Work to complete: Give a verbatim copy of the data, leaving the pictures out.

Information provided:
┏━━

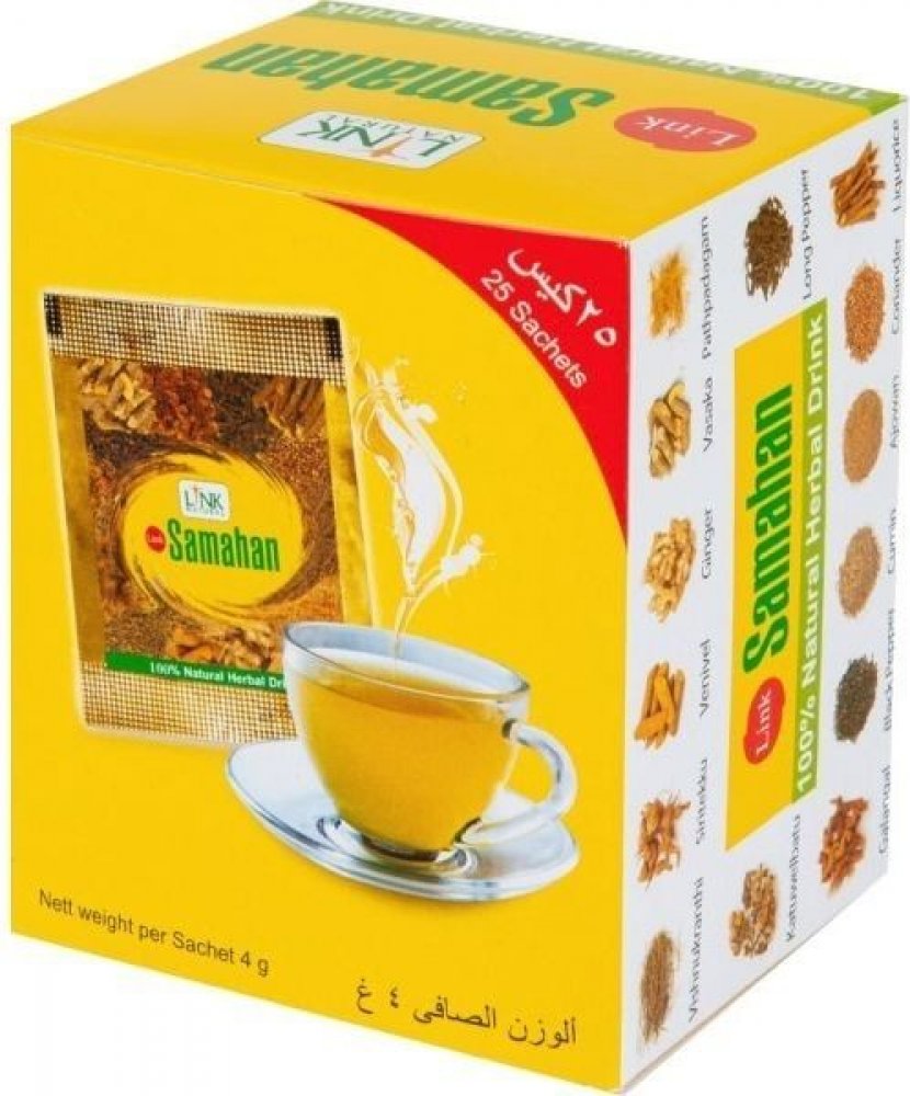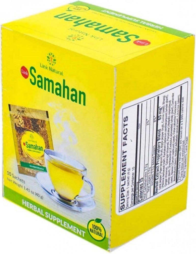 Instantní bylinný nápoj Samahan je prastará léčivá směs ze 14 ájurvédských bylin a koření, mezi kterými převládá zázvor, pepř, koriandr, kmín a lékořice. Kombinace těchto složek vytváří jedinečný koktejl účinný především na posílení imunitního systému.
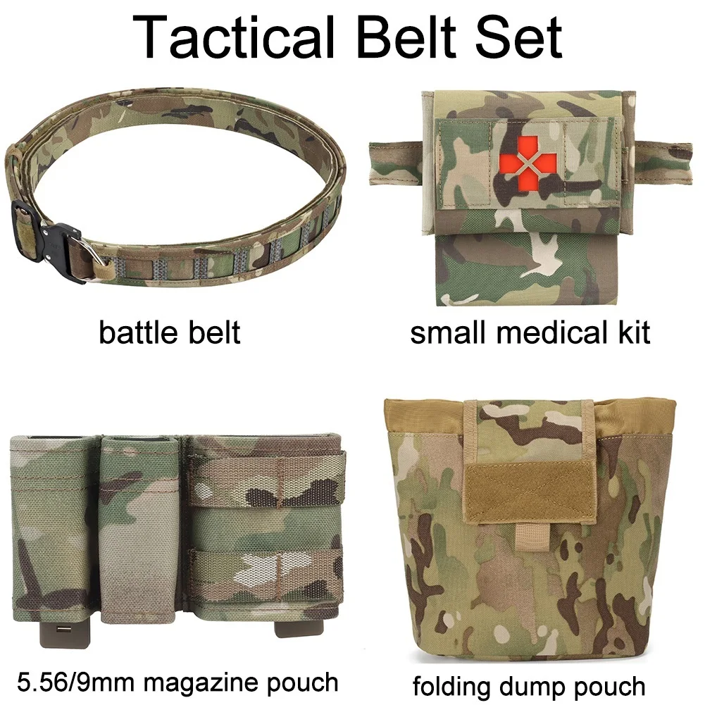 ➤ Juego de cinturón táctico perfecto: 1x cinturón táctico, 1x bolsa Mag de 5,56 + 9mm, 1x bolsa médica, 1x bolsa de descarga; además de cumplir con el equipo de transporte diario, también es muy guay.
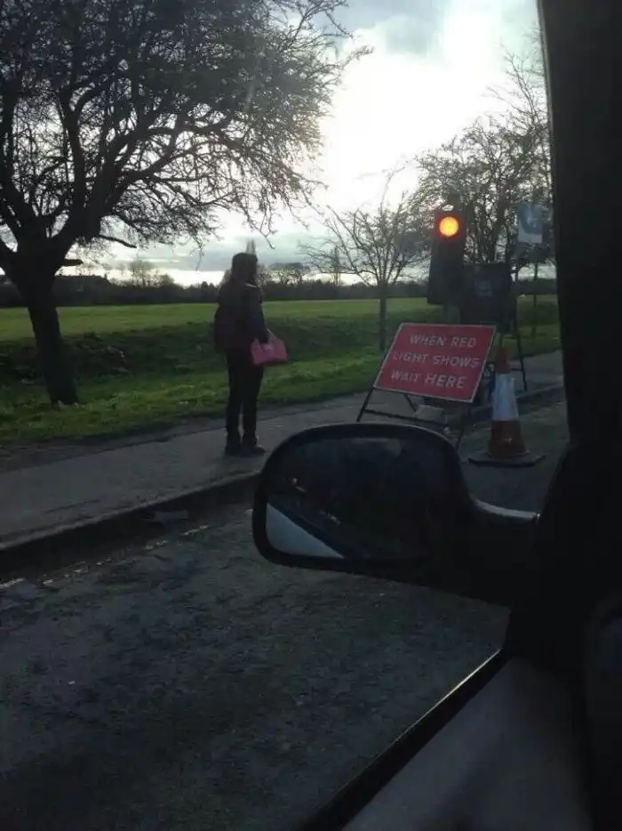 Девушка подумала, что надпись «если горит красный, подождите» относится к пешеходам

┗━━

Finished task:
 Instantní bylinný nápoj Samahan je prastará léčivá směs ze 14 ájurvédských bylin a koření, mezi kterými převládá zázvor, pepř, koriandr, kmín a lékořice. Kombinace těchto složek vytváří jedinečný koktejl účinný především na posílení imunitního systému.
 ➤ Juego de cinturón táctico perfecto: 1x cinturón táctico, 1x bolsa Mag de 5,56 + 9mm, 1x bolsa médica, 1x bolsa de descarga; además de cumplir con el equipo de transporte diario, también es muy guay.
 Девушка подумала, что надпись «если горит красный, подождите» относится к пешеходам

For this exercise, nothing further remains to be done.